Top of SOURCE INFORMATION

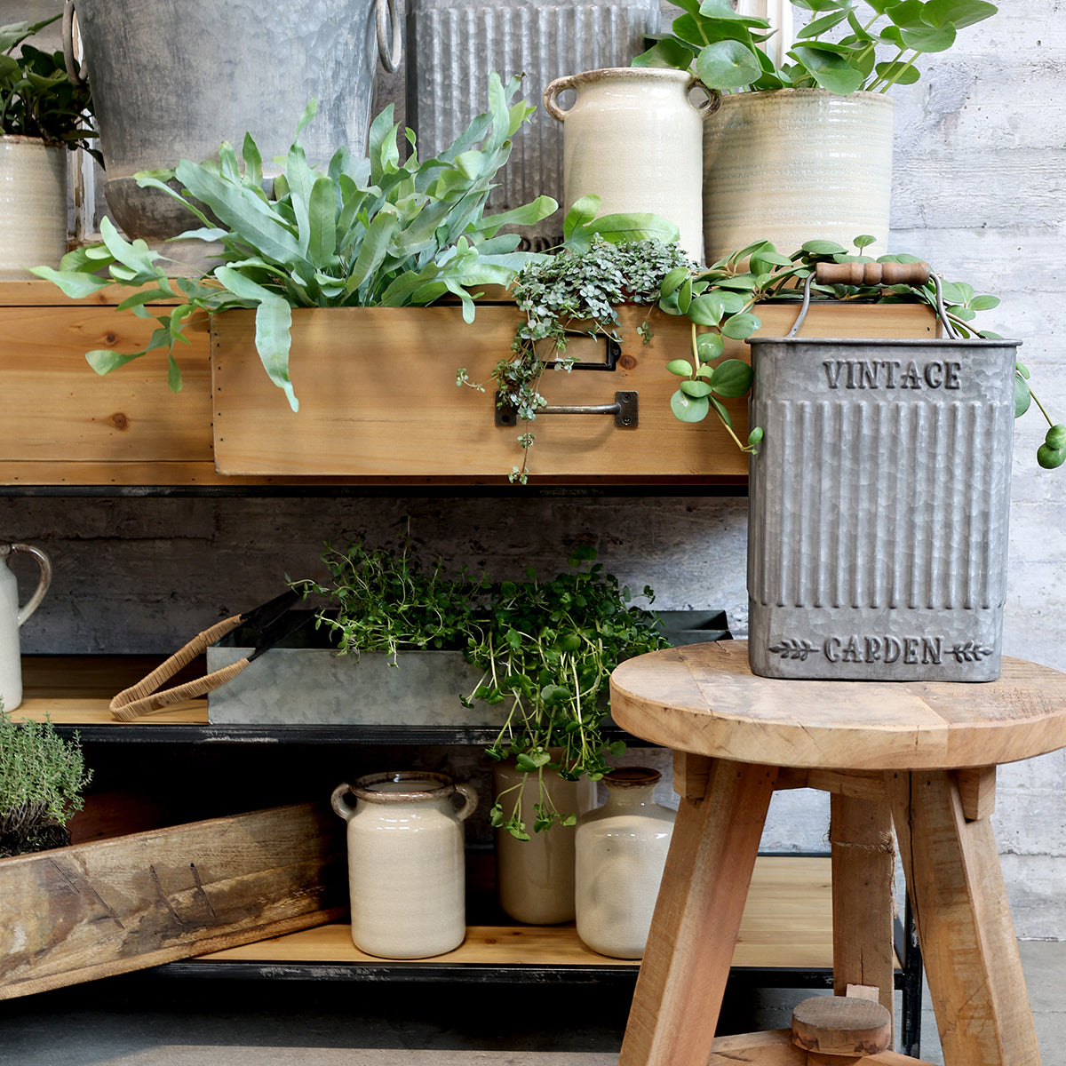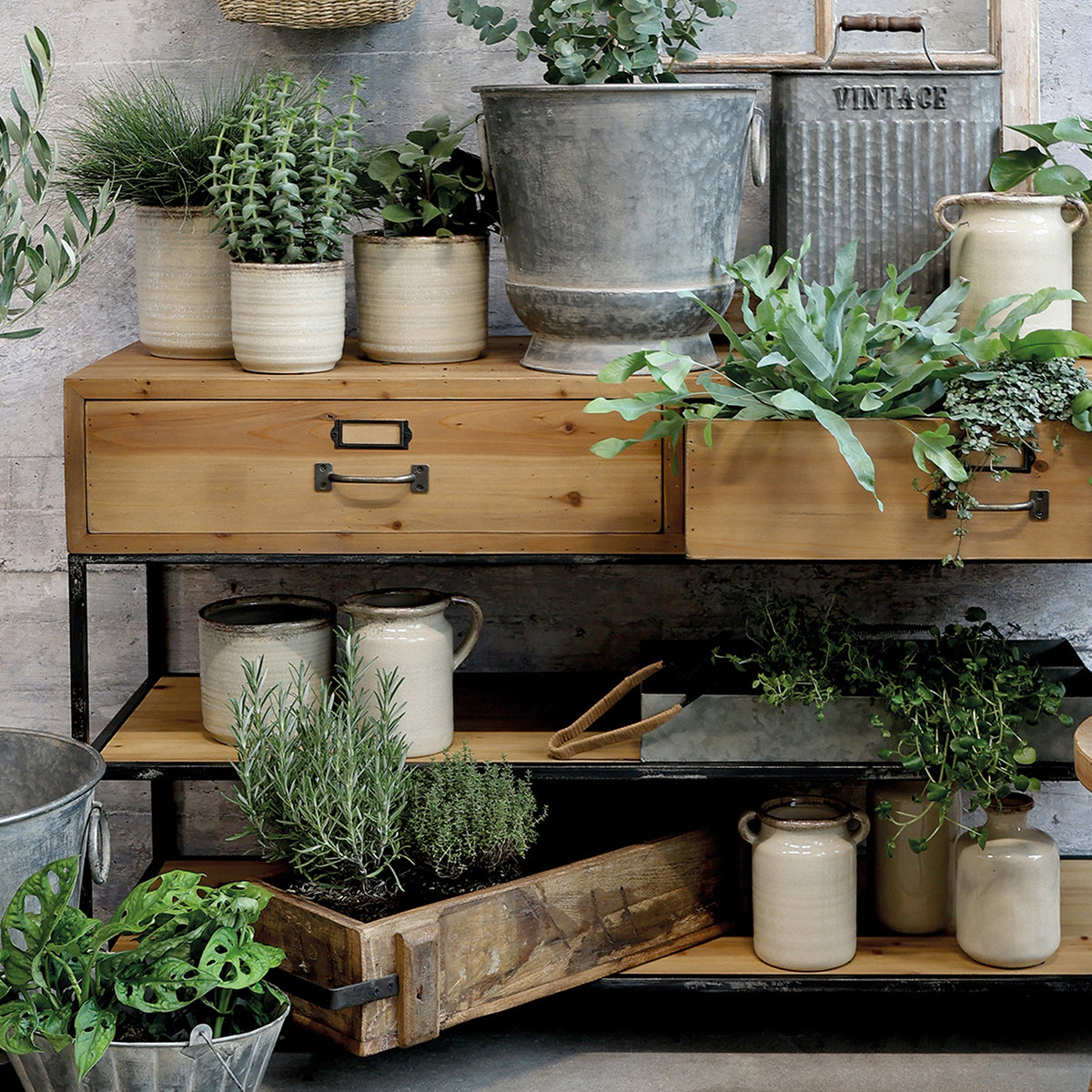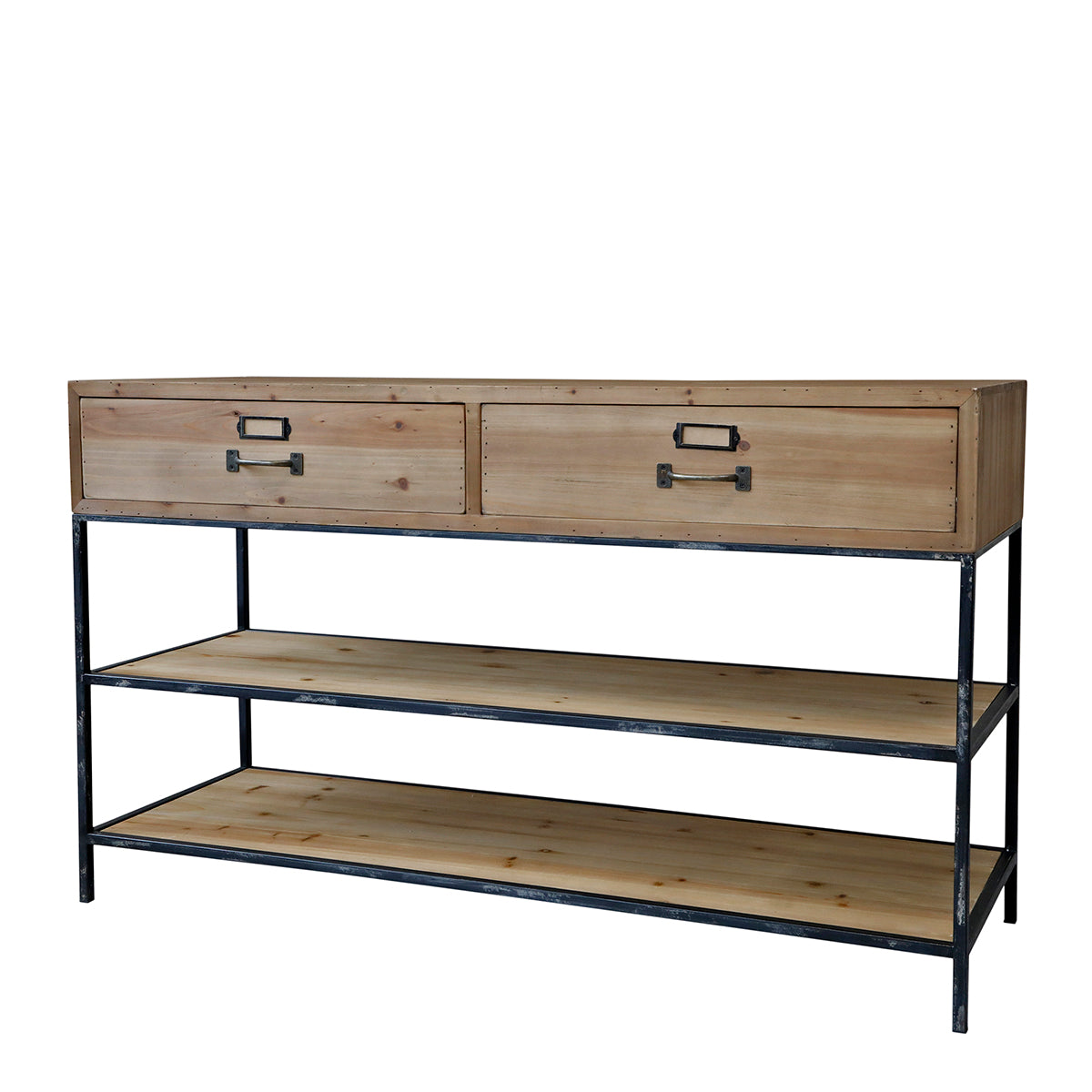 Ett charmigt sideboard som kombinerar rustikt trä med svart metallram i klassisk industristil. De två rymliga lådorna ger plats åt småsaker, medan hyllplanen nertill passar för större förvaring eller dekorativa arrangemang. Perfekt i hallen, vardagsrummet eller uterummet där du vill ha både funktion och karaktär.
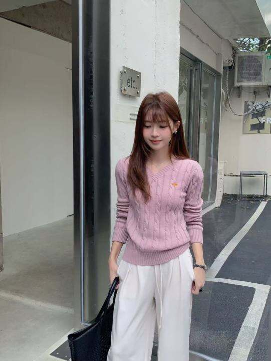 MH 慵懒风刺绣V领紫粉色女款秋冬长袖休闲百搭毛衣女麻花针织上衣
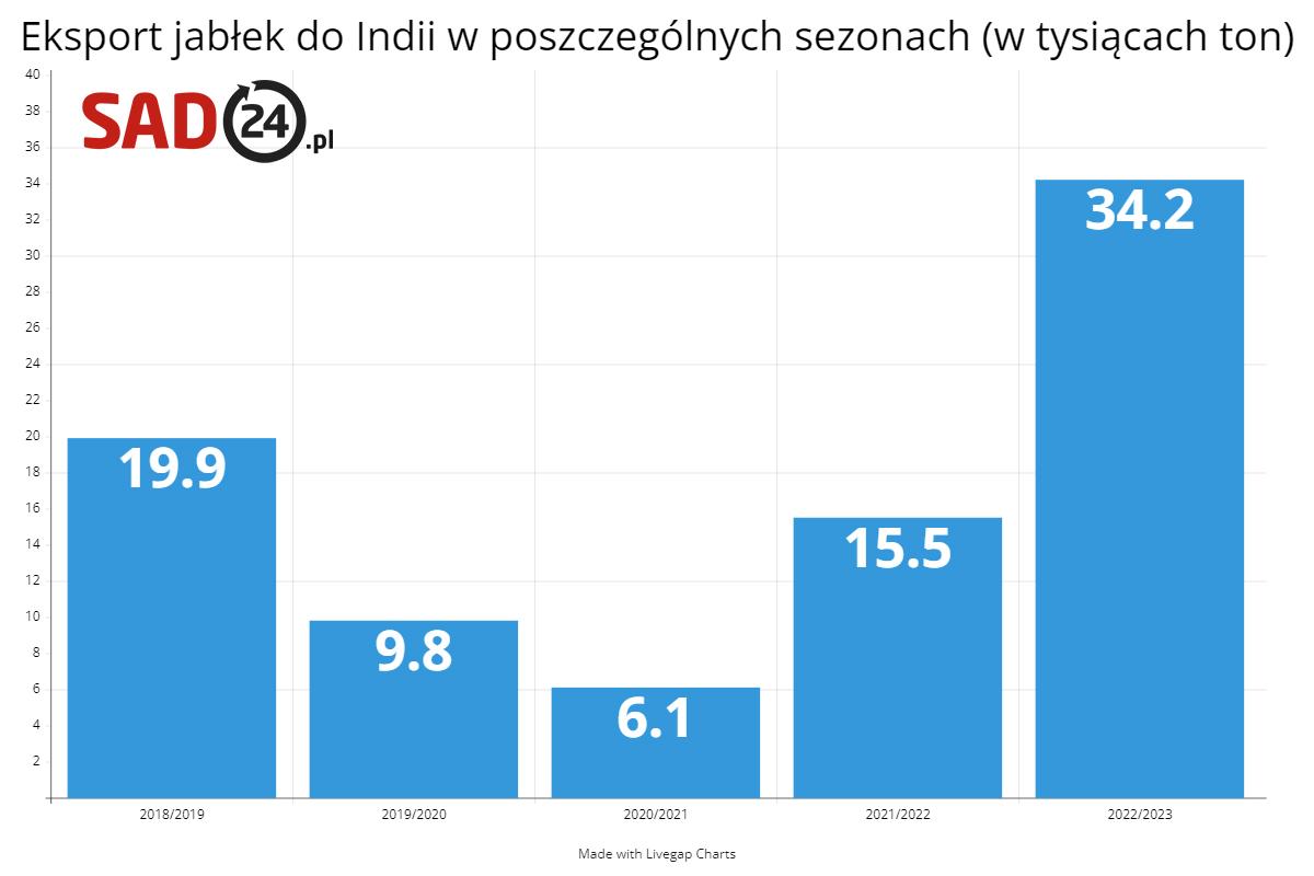 Sezon 2023/2023 zakończył się dużym sukcesem eksportowym to Indii. Do 2014 roku eksport w tym kierunku praktycznie nie istniał. Z kolei w tym sezonie ustanowiliśmy rekord wysyłek do Indii, który wyniósł ponad 34 000 ton. Jak doskonale wiemy, na rynek indyjski trafia przede wszystkim odmiana Gala, a w drugiej kolejności również sporty odmiany Red Delicious.
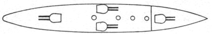 Затем Комитет обсуждал проект под номером “4”, в котором при нормальном водоизмещении 16950 т основные размерения крейсера составляли 164,4 х 23,2 х 7,93 м. Проект возвращался к установке восьми 305-мм орудий в четырех двухорудийных башнях. Из них по одной башне расположили в диаметральной плоскости на полубаке и в корме корабля и еще две на главной палубе в ряд поперек диаметральной плоскости в районе миделя корабля в общей цитадели (обычном редуте). Высота осей стволов орудий над уровнем нормальной ватерлинии составляла для носовой башни 10,4 м, средних башен 9,14 м и кормовой башни 6,4 м. Такое расположение башен обеспечивало по шесть орудий в носовом, бортовом и кормовом залпе. Рассмотрев этот вариант. Комитет без колебания решил, что, так как идеальное размещение артиллерии главного калибра, допускающее ведение одинаково сильного как бортового, так и продольного огня, невозможно, то следует больше уделять внимание сильному бортовому огню, по сравнению с продольным.
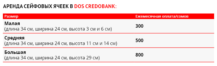 Dos Credobank предлагает вам надежное и безопасное место для хранения ваших ценностей — индивидуальные банковские сейфы. В банковских сейфовых ячейках вы можете хранить ценные документы, драгоценности, наличные средства, цифровые носители и все, что вам дорого и важно. Сейфовые ячейки могут быть арендованы как на длительный срок, так и на короткий — на время поездки, например.

Bottom of SOURCE INFORMATION

§ **TASK OBJECTIVE**: Only the lines from the one containing "Sezon 2023/2023 zakończył" through the last line of the entries, both included, should be repeated exactly, and the pictures should be left out.

§ **REPLY**:
 Sezon 2023/2023 zakończył się dużym sukcesem eksportowym to Indii. Do 2014 roku eksport w tym kierunku praktycznie nie istniał. Z kolei w tym sezonie ustanowiliśmy rekord wysyłek do Indii, który wyniósł ponad 34 000 ton. Jak doskonale wiemy, na rynek indyjski trafia przede wszystkim odmiana Gala, a w drugiej kolejności również sporty odmiany Red Delicious.
 Затем Комитет обсуждал проект под номером “4”, в котором при нормальном водоизмещении 16950 т основные размерения крейсера составляли 164,4 х 23,2 х 7,93 м. Проект возвращался к установке восьми 305-мм орудий в четырех двухорудийных башнях. Из них по одной башне расположили в диаметральной плоскости на полубаке и в корме корабля и еще две на главной палубе в ряд поперек диаметральной плоскости в районе миделя корабля в общей цитадели (обычном редуте). Высота осей стволов орудий над уровнем нормальной ватерлинии составляла для носовой башни 10,4 м, средних башен 9,14 м и кормовой башни 6,4 м. Такое расположение башен обеспечивало по шесть орудий в носовом, бортовом и кормовом залпе. Рассмотрев этот вариант. Комитет без колебания решил, что, так как идеальное размещение артиллерии главного калибра, допускающее ведение одинаково сильного как бортового, так и продольного огня, невозможно, то следует больше уделять внимание сильному бортовому огню, по сравнению с продольным.
 Dos Credobank предлагает вам надежное и безопасное место для хранения ваших ценностей — индивидуальные банковские сейфы. В банковских сейфовых ячейках вы можете хранить ценные документы, драгоценности, наличные средства, цифровые носители и все, что вам дорого и важно. Сейфовые ячейки могут быть арендованы как на длительный срок, так и на короткий — на время поездки, например.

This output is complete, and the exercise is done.